**WORK TO BE COMPLETED:** Repeat the data that follows exactly, starting at the line with "Slika 6. Iskoraci" and ending at the line with "در این شهرستان،", and leave out every picture.

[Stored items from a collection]
- - - -

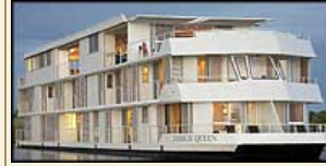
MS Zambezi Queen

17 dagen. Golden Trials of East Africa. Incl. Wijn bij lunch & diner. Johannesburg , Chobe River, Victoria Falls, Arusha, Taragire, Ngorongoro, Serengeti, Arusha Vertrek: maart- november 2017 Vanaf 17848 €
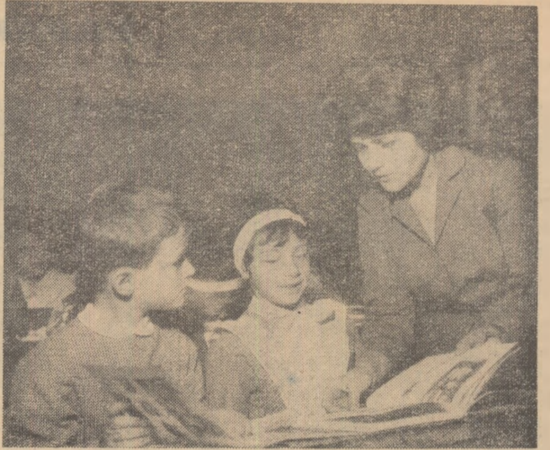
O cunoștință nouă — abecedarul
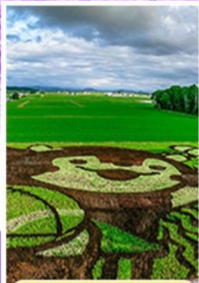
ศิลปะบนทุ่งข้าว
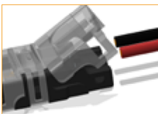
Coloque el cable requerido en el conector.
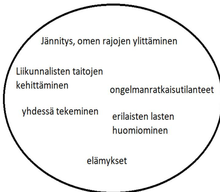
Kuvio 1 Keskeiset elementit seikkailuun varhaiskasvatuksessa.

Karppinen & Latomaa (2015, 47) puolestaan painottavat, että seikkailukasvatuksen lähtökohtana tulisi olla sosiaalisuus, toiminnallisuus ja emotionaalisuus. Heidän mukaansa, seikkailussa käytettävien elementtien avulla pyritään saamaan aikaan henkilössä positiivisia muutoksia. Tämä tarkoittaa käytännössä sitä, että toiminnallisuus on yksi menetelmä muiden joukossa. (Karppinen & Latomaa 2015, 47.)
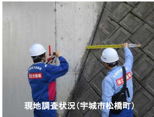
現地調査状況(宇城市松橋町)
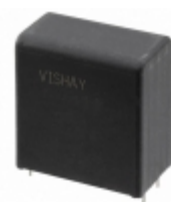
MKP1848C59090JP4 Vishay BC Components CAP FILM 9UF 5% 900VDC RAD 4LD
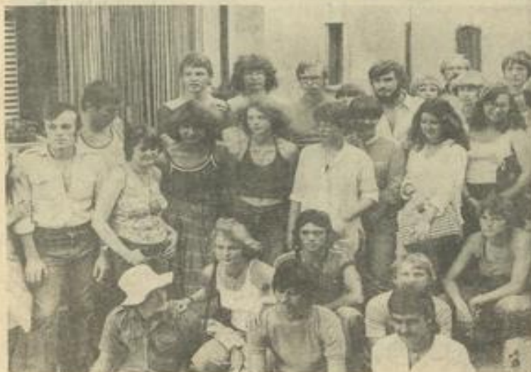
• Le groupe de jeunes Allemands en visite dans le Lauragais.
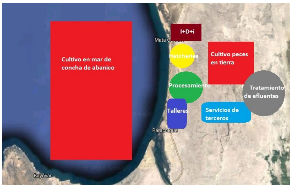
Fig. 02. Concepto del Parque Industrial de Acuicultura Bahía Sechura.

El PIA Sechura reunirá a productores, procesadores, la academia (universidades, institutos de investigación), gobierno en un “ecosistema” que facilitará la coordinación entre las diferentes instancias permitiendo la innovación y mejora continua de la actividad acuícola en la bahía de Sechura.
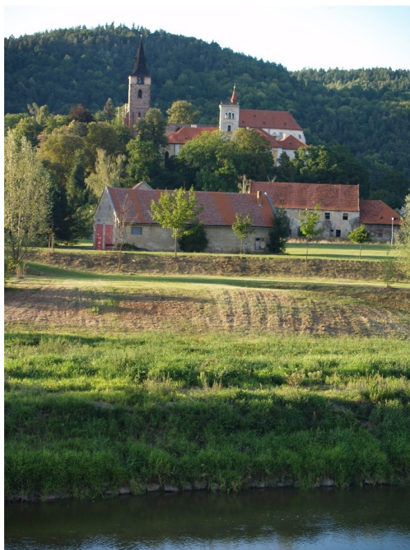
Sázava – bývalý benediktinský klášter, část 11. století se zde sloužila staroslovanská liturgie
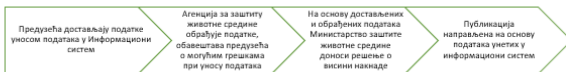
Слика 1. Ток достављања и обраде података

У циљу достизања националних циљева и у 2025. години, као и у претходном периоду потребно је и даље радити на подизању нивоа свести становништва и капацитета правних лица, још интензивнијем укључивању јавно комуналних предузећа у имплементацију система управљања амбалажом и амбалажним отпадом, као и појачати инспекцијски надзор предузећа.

- - - -

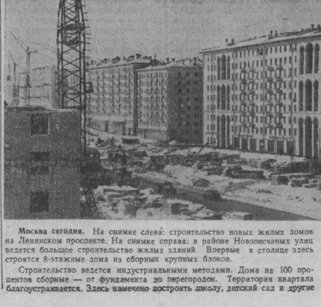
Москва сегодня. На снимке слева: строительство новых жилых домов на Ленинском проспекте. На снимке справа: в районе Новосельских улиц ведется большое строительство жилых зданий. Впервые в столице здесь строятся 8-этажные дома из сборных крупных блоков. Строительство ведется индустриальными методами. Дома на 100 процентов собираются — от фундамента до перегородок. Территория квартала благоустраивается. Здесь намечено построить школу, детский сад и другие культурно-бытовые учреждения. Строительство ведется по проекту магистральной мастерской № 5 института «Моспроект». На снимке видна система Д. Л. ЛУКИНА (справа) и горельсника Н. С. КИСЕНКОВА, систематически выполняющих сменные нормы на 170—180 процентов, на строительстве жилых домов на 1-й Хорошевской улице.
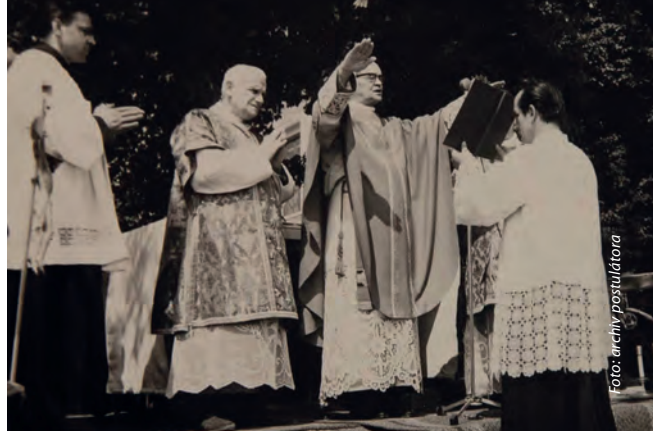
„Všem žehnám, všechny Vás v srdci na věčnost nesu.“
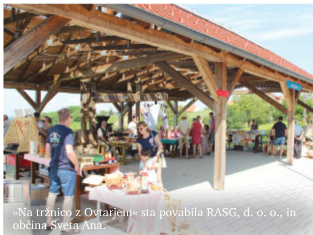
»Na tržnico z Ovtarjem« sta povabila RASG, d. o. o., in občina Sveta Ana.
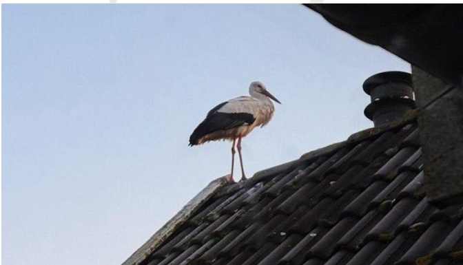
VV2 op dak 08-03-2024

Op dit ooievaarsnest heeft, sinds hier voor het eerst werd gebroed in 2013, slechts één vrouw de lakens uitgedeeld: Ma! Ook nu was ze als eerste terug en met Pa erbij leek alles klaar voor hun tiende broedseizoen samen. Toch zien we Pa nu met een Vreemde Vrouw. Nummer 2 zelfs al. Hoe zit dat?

- - - -

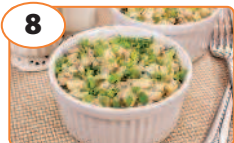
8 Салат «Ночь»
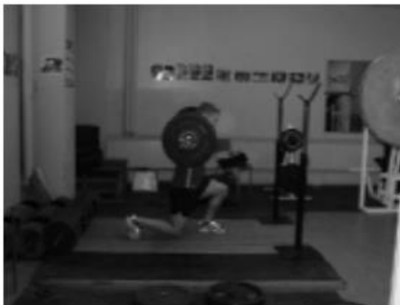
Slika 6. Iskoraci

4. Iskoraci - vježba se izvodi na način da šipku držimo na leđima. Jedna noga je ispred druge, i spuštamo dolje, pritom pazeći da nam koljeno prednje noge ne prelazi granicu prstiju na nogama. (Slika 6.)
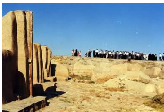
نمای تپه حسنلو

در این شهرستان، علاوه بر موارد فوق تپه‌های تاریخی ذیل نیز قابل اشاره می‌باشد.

- - - -

**TASK OUTPUT:**
Slika 6. Iskoraci

4. Iskoraci - vježba se izvodi na način da šipku držimo na leđima. Jedna noga je ispred druge, i spuštamo dolje, pritom pazeći da nam koljeno prednje noge ne prelazi granicu prstiju na nogama. (Slika 6.)
نمای تپه حسنلو

در این شهرستان، علاوه بر موارد فوق تپه‌های تاریخی ذیل نیز قابل اشاره می‌باشد.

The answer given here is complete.